→ **PROBLEM STATEMENT**:
Set down exactly the lines that run from the one containing "James Weedon. |" to the end of the material below, both included, without pictures.

──────── PROVIDED DATA

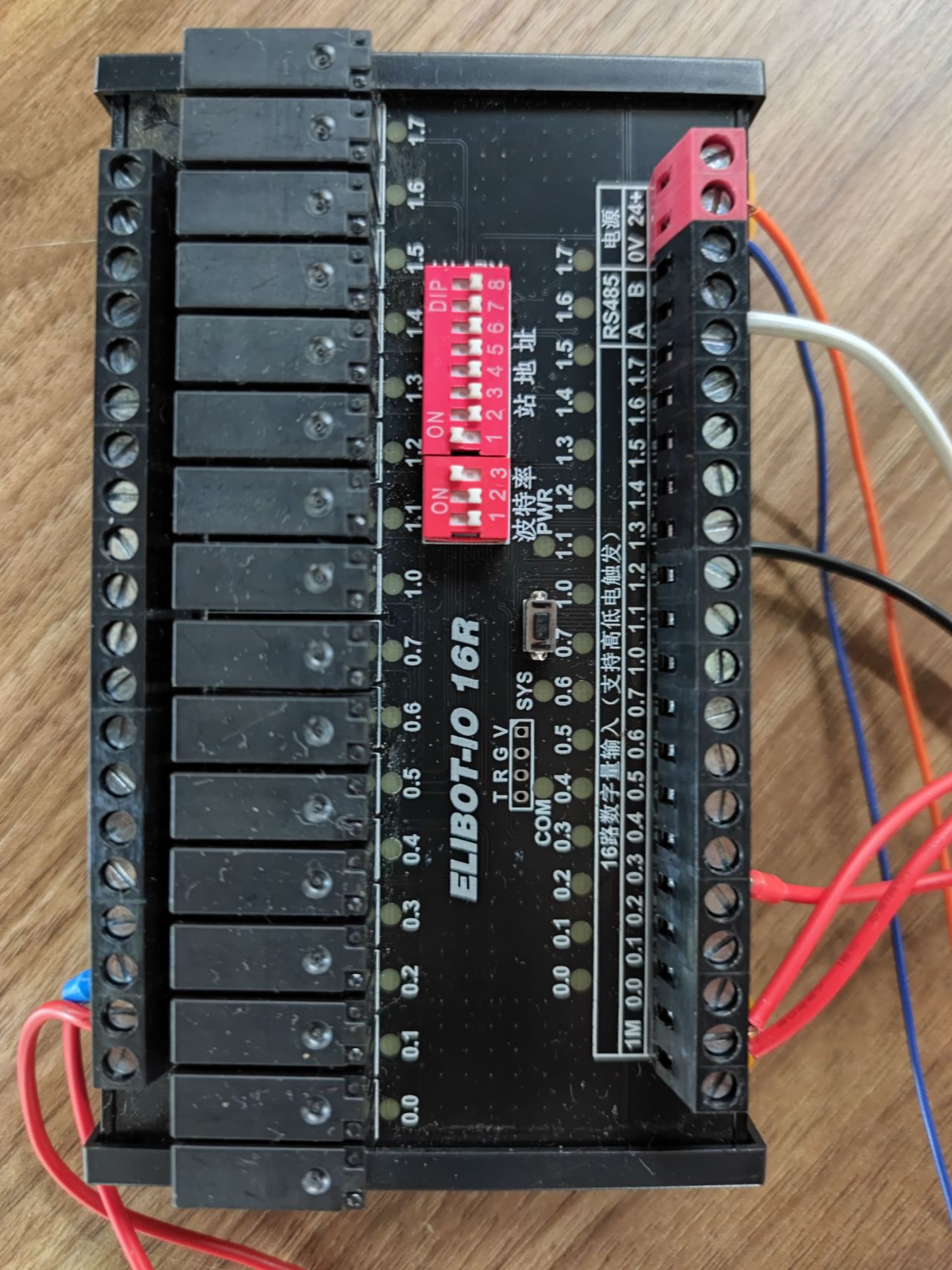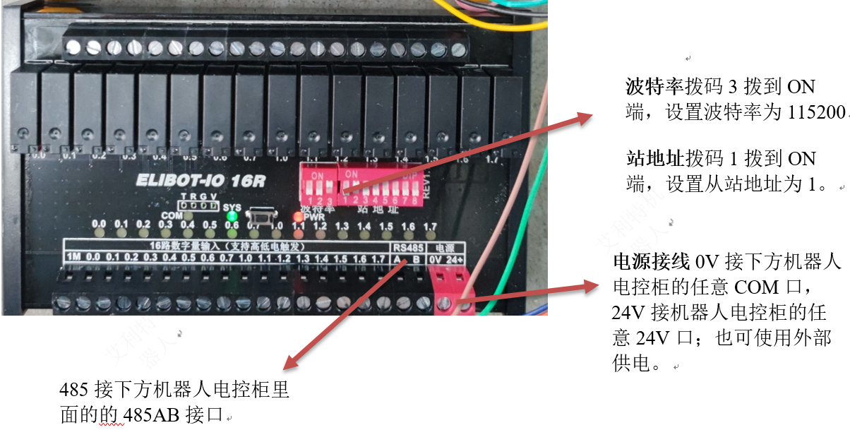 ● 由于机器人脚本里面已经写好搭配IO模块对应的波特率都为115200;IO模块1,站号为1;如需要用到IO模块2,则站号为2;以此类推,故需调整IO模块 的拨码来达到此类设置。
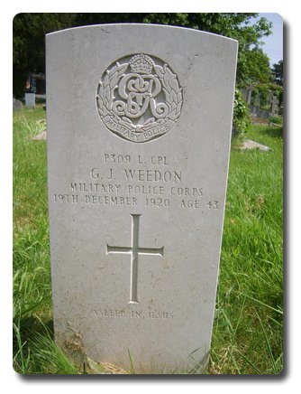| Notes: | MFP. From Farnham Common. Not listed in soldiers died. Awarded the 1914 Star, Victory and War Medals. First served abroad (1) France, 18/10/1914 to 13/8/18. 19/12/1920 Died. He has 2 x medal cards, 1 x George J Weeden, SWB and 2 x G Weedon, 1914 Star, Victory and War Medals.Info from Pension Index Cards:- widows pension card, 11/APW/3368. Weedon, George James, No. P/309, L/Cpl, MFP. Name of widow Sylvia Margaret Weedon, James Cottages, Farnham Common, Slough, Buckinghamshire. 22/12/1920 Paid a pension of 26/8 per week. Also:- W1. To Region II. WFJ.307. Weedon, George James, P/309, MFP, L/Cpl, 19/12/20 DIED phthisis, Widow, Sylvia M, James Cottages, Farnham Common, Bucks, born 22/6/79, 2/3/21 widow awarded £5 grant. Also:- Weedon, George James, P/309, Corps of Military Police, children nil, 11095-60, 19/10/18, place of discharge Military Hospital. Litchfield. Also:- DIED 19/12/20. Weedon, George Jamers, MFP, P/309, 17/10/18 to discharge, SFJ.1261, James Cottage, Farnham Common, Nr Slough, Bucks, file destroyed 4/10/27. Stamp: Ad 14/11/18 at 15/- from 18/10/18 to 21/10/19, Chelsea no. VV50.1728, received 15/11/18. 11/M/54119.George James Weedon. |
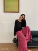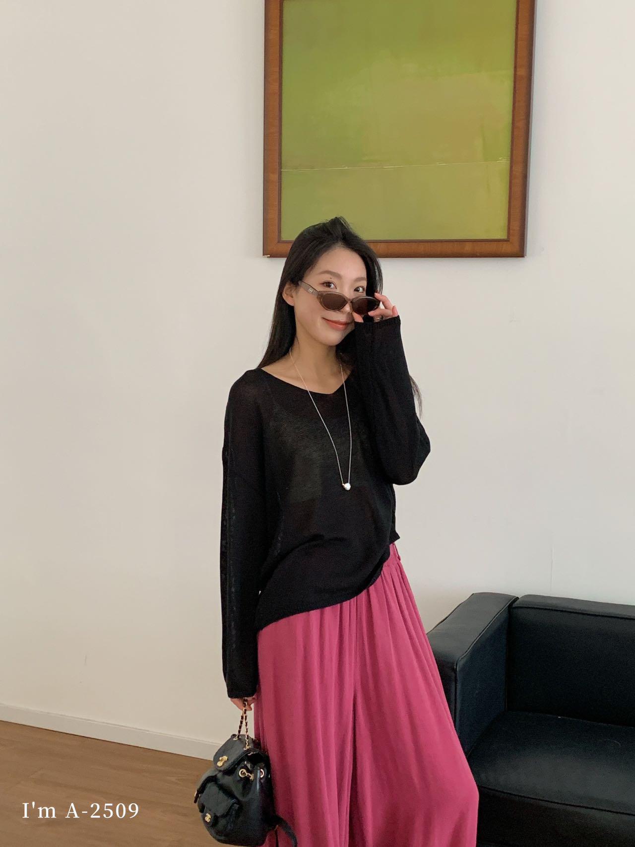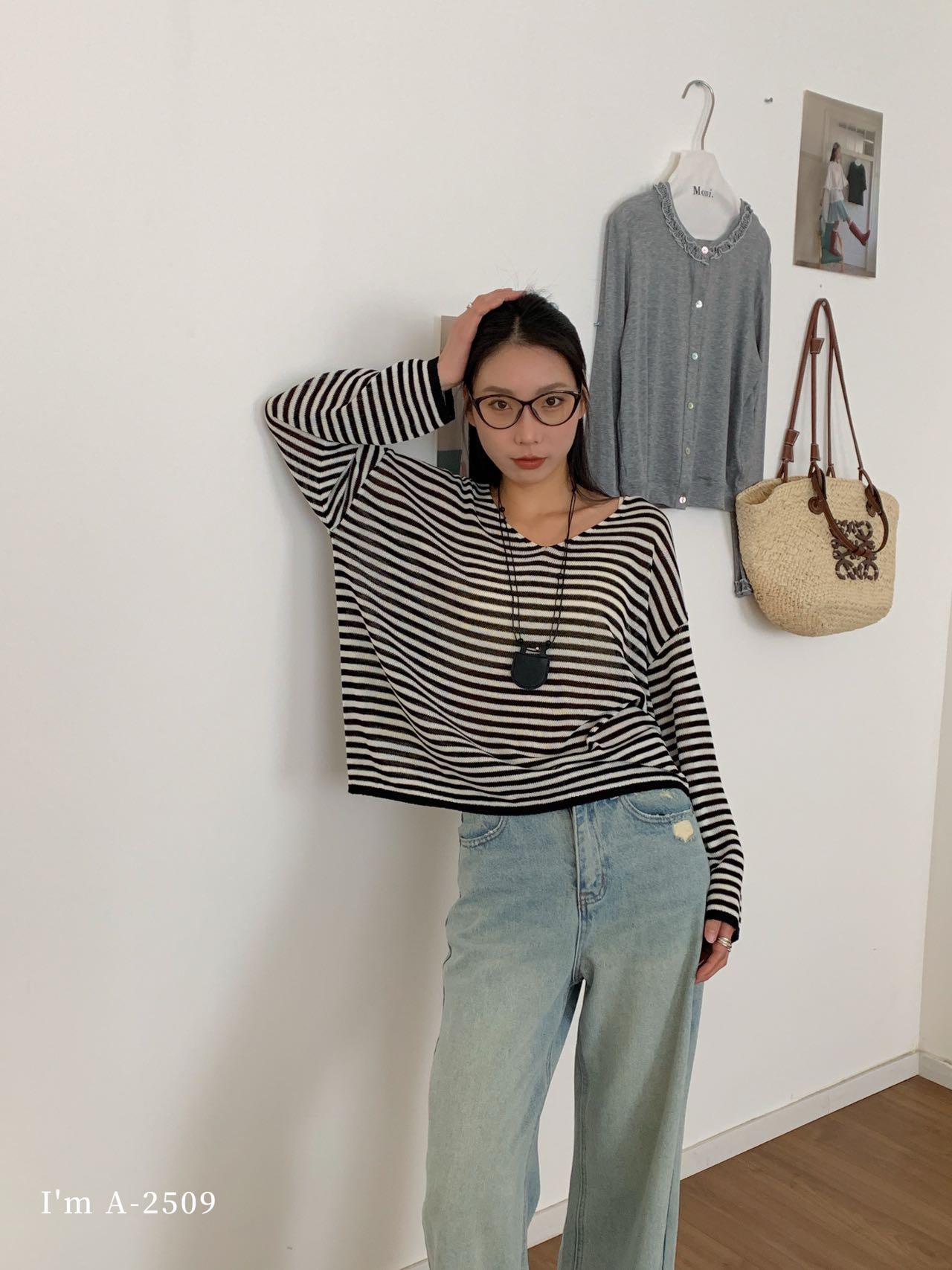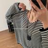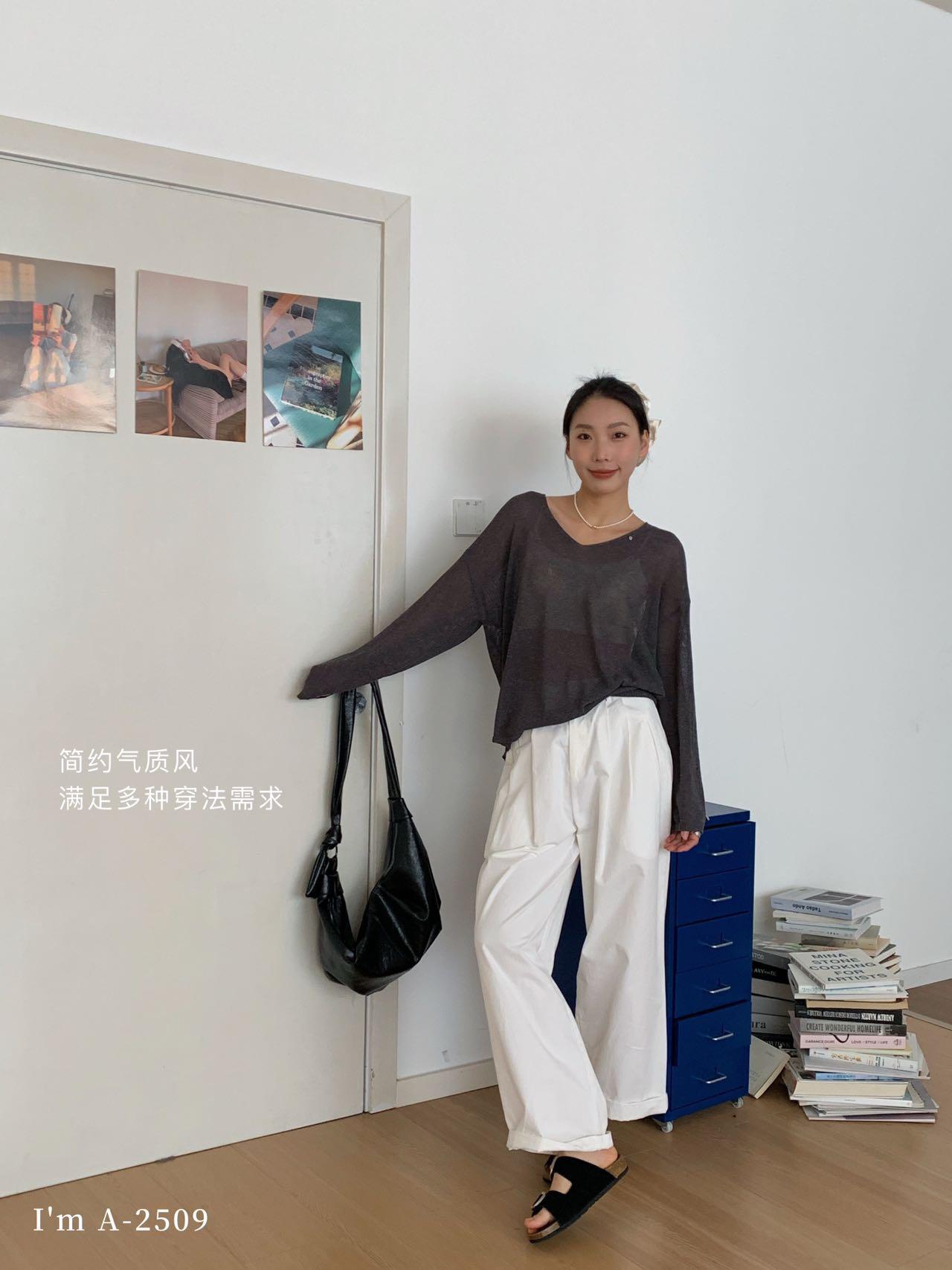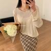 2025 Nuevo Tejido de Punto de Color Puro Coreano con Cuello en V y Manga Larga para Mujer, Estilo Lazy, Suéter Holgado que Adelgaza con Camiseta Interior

────────────────

→ **THE COMPLETED TASK**:
| Notes: | MFP. From Farnham Common. Not listed in soldiers died. Awarded the 1914 Star, Victory and War Medals. First served abroad (1) France, 18/10/1914 to 13/8/18. 19/12/1920 Died. He has 2 x medal cards, 1 x George J Weeden, SWB and 2 x G Weedon, 1914 Star, Victory and War Medals.Info from Pension Index Cards:- widows pension card, 11/APW/3368. Weedon, George James, No. P/309, L/Cpl, MFP. Name of widow Sylvia Margaret Weedon, James Cottages, Farnham Common, Slough, Buckinghamshire. 22/12/1920 Paid a pension of 26/8 per week. Also:- W1. To Region II. WFJ.307. Weedon, George James, P/309, MFP, L/Cpl, 19/12/20 DIED phthisis, Widow, Sylvia M, James Cottages, Farnham Common, Bucks, born 22/6/79, 2/3/21 widow awarded £5 grant. Also:- Weedon, George James, P/309, Corps of Military Police, children nil, 11095-60, 19/10/18, place of discharge Military Hospital. Litchfield. Also:- DIED 19/12/20. Weedon, George Jamers, MFP, P/309, 17/10/18 to discharge, SFJ.1261, James Cottage, Farnham Common, Nr Slough, Bucks, file destroyed 4/10/27. Stamp: Ad 14/11/18 at 15/- from 18/10/18 to 21/10/19, Chelsea no. VV50.1728, received 15/11/18. 11/M/54119.George James Weedon. |
 2025 Nuevo Tejido de Punto de Color Puro Coreano con Cuello en V y Manga Larga para Mujer, Estilo Lazy, Suéter Holgado que Adelgaza con Camiseta Interior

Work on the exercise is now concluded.